DESCRIPTION OF THE TASK
Everything from the line with "KORAMIC Renesansowa Universo" to the last line of the listing must be retyped exactly, both ends included, with the pictures dropped.

DATASET SECTION
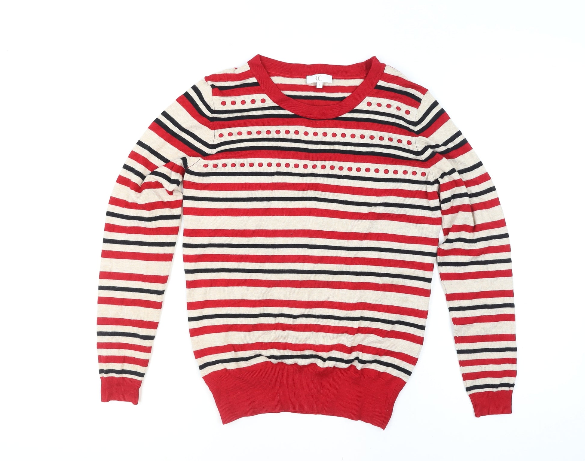 Add timeless charm to your wardrobe with this CC Women's Red Striped Pullover Jumper in size Small. Crafted from a soft and breathable blend of viscose and nylon, this lightweight knit offers excellent comfort and a flattering regular fit. The jumper features a classic crew neckline and long sleeves, making it ideal for layering in the cooler months or wearing on its own for transitional weather. The bold red, black, and cream stripe design adds vibrant personality while maintaining a stylish, casual appeal. Perfect for pairing with jeans, skirts, or tailored trousers, this piece effortlessly suits both relaxed weekends and smart-casual outings. Designed for women who appreciate both quality and everyday versatility, this piece offers a blend of durability and softness, ensuring it remains a go-to favourite season after season. Machine washable for easy care, this jumper embodies functional fashion with enduring style. Finished with ribbed cuffs and a hem to retain its shape, it presents a polished silhouette suitable for spring and autumn wear. While showing minimal signs of previous use, it remains in excellent condition with no visible damage or flaws, representing great value for those seeking classic knitwear from a trusted label. Whether dressed up or down, this CC jumper promises all-day comfort, timeless design, and effortlessly chic style — a wardrobe essential for any woman's collection.
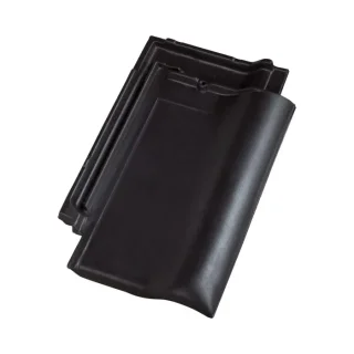 KORAMIC Renesansowa Universo 10 to klasyczna dachówka ceramiczna renesansowa w kolorze czarnej angoby, wyróżniająca się tradycyjnym kształtem fali, który podkreśla pionowe linie połaci dachu. Jej forma nadaje pokryciu elegancki i harmonijny wygląd, akcentując rytm oraz smukłość dachu.
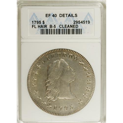 <B>1795 S$1 Flowing Hair, Three Leaves--Cleaned--ANACS. XF40 Details.</B></I> B-5, BB-27, R.1. A lightly toned and moderately hairlined tan and pearl-gray example that retains noticeable satin luster. Wear is minimal for the grade, and concentrated on the eagle's breast. The bust is widely strike doubled along the profile, although the remainder of the design is free from doubling.<BR><I>From The Hoosier Discovery Collection.</B></I><BR><BR><b>Shipping:</b> Coins & Currency (<a target="_blank" href="http://www.heritageauctions.com/common/shipping.php">view shipping information</a>)

ANSWER SECTION
 KORAMIC Renesansowa Universo 10 to klasyczna dachówka ceramiczna renesansowa w kolorze czarnej angoby, wyróżniająca się tradycyjnym kształtem fali, który podkreśla pionowe linie połaci dachu. Jej forma nadaje pokryciu elegancki i harmonijny wygląd, akcentując rytm oraz smukłość dachu.
 <B>1795 S$1 Flowing Hair, Three Leaves--Cleaned--ANACS. XF40 Details.</B></I> B-5, BB-27, R.1. A lightly toned and moderately hairlined tan and pearl-gray example that retains noticeable satin luster. Wear is minimal for the grade, and concentrated on the eagle's breast. The bust is widely strike doubled along the profile, although the remainder of the design is free from doubling.<BR><I>From The Hoosier Discovery Collection.</B></I><BR><BR><b>Shipping:</b> Coins & Currency (<a target="_blank" href="http://www.heritageauctions.com/common/shipping.php">view shipping information</a>)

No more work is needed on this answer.